(WORK TO COMPLETE) Please copy exactly the line containing "Aluminiumkristaller reglerar svettning" and every line after it, through the last line of the records below, leaving out all pictures.
----------
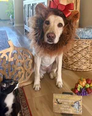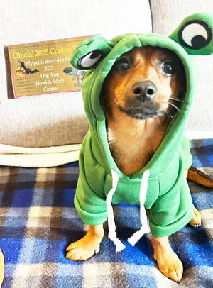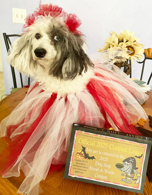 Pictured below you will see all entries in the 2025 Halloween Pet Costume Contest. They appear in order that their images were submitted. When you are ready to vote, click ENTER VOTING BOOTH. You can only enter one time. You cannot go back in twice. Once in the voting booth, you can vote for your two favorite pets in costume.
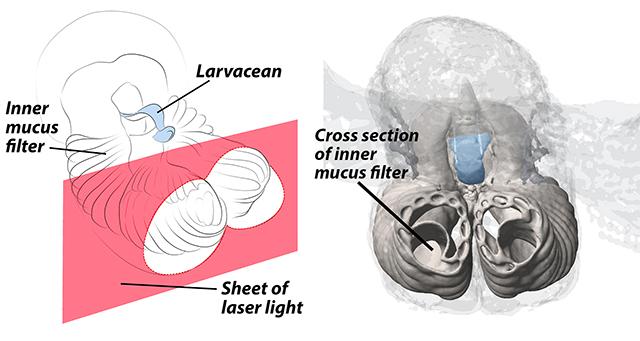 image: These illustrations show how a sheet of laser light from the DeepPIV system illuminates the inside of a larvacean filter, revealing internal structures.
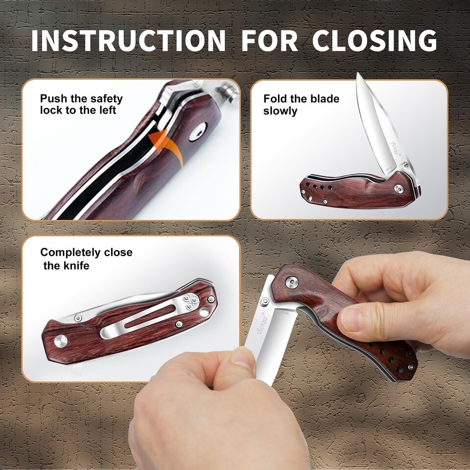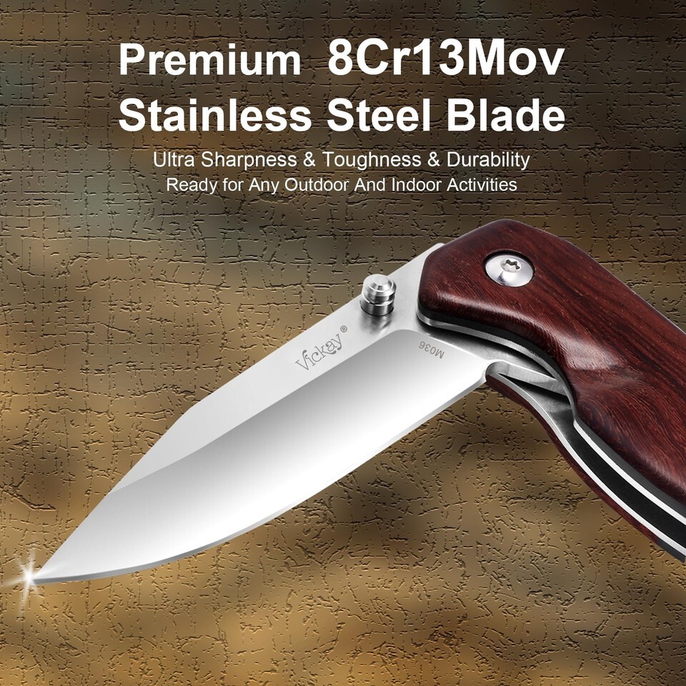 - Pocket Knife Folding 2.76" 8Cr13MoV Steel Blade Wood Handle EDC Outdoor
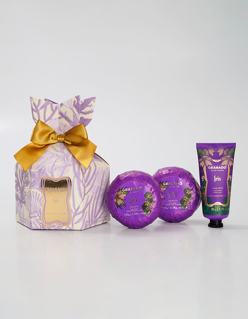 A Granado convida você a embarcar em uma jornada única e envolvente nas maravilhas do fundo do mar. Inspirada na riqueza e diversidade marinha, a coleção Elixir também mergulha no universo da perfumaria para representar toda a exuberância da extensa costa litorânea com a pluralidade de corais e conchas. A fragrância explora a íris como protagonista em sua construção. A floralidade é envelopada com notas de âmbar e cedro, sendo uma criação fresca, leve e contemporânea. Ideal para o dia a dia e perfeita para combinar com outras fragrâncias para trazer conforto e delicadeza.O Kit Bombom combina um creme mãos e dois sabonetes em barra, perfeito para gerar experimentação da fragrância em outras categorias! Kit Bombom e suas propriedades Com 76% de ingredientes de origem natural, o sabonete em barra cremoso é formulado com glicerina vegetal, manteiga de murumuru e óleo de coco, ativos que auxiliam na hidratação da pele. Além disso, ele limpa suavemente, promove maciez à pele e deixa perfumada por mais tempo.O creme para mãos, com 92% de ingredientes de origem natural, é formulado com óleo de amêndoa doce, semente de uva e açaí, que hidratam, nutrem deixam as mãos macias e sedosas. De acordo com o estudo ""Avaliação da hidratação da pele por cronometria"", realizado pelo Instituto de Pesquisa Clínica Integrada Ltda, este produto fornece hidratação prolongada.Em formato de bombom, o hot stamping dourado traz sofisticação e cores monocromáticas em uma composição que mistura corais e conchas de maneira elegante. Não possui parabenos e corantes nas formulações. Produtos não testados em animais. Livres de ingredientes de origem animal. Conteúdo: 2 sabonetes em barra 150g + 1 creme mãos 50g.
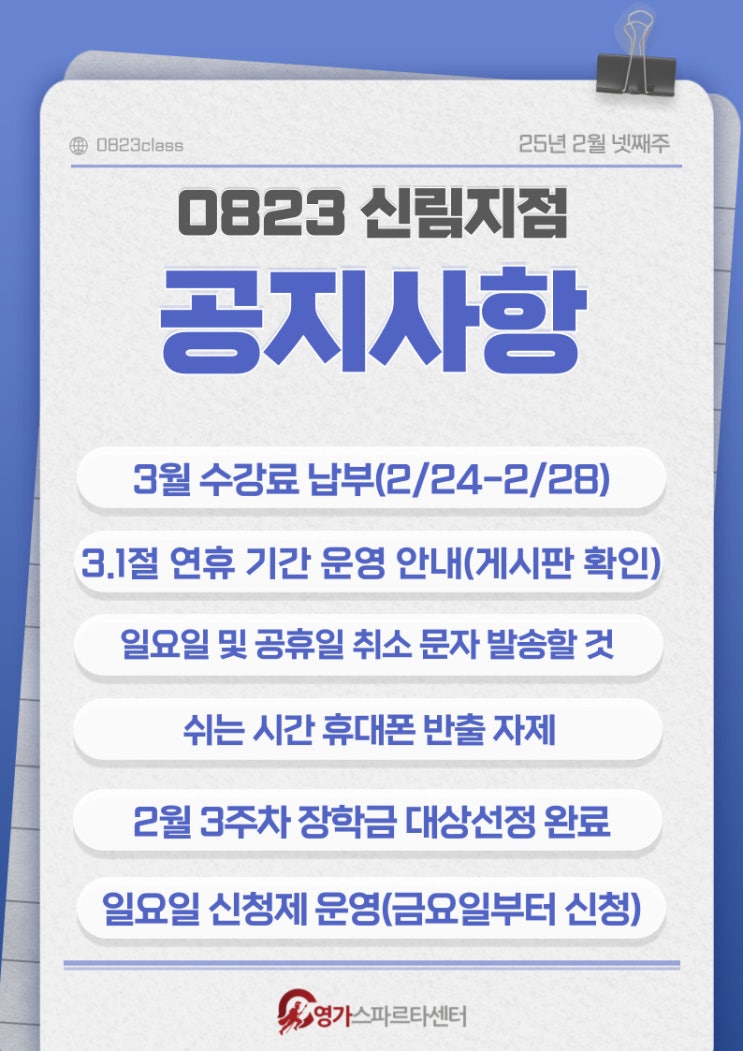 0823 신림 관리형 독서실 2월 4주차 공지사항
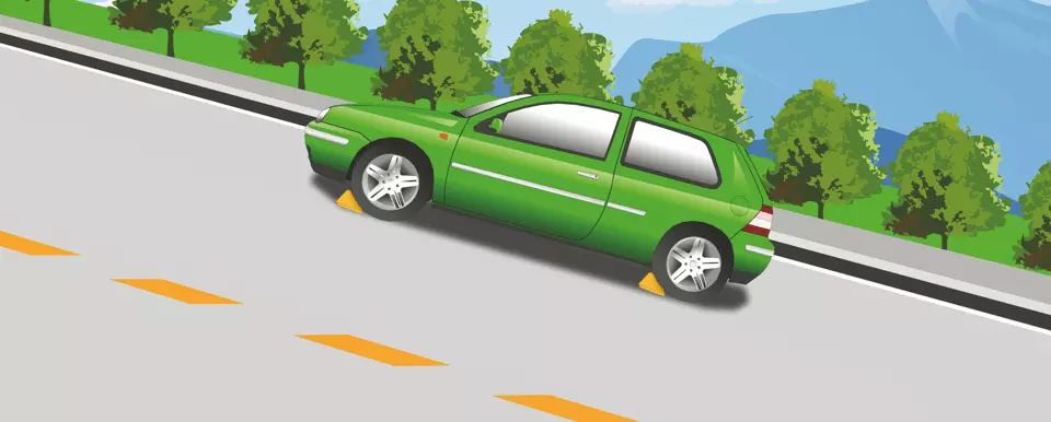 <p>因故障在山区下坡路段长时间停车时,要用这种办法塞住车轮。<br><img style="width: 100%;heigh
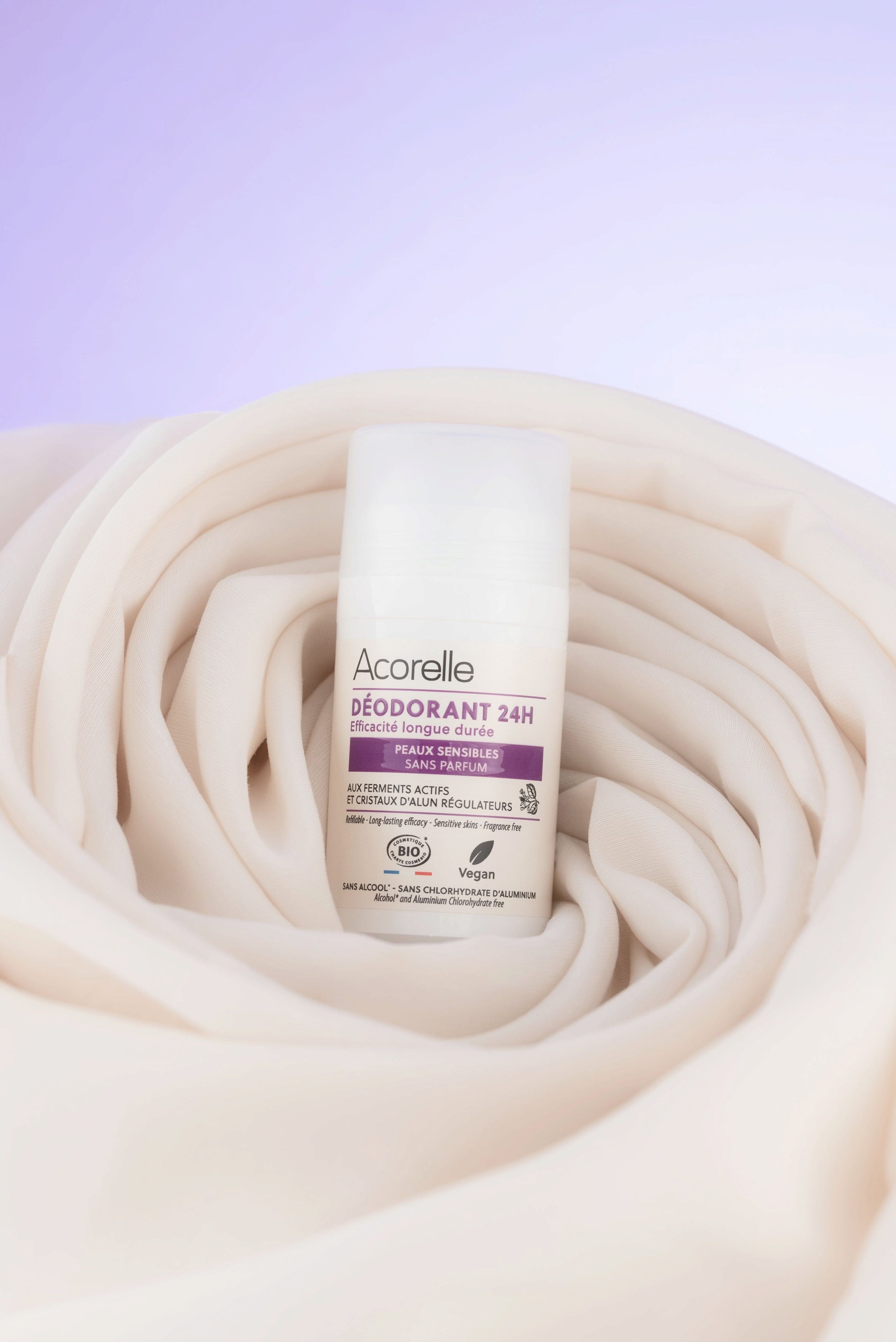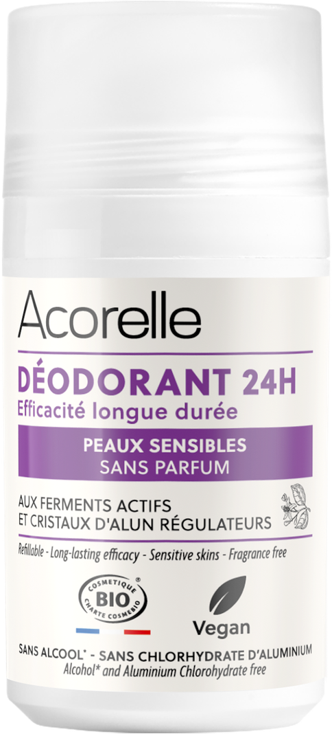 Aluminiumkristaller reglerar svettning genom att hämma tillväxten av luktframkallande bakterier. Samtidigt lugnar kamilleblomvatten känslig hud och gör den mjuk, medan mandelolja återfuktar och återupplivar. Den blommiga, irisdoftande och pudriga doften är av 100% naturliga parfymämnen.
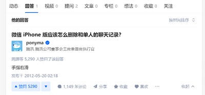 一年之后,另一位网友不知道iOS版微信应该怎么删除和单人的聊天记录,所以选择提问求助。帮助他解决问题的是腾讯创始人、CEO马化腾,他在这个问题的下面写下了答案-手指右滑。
----------
(WRITTEN ANSWER)
 Aluminiumkristaller reglerar svettning genom att hämma tillväxten av luktframkallande bakterier. Samtidigt lugnar kamilleblomvatten känslig hud och gör den mjuk, medan mandelolja återfuktar och återupplivar. Den blommiga, irisdoftande och pudriga doften är av 100% naturliga parfymämnen.
 一年之后,另一位网友不知道iOS版微信应该怎么删除和单人的聊天记录,所以选择提问求助。帮助他解决问题的是腾讯创始人、CEO马化腾,他在这个问题的下面写下了答案-手指右滑。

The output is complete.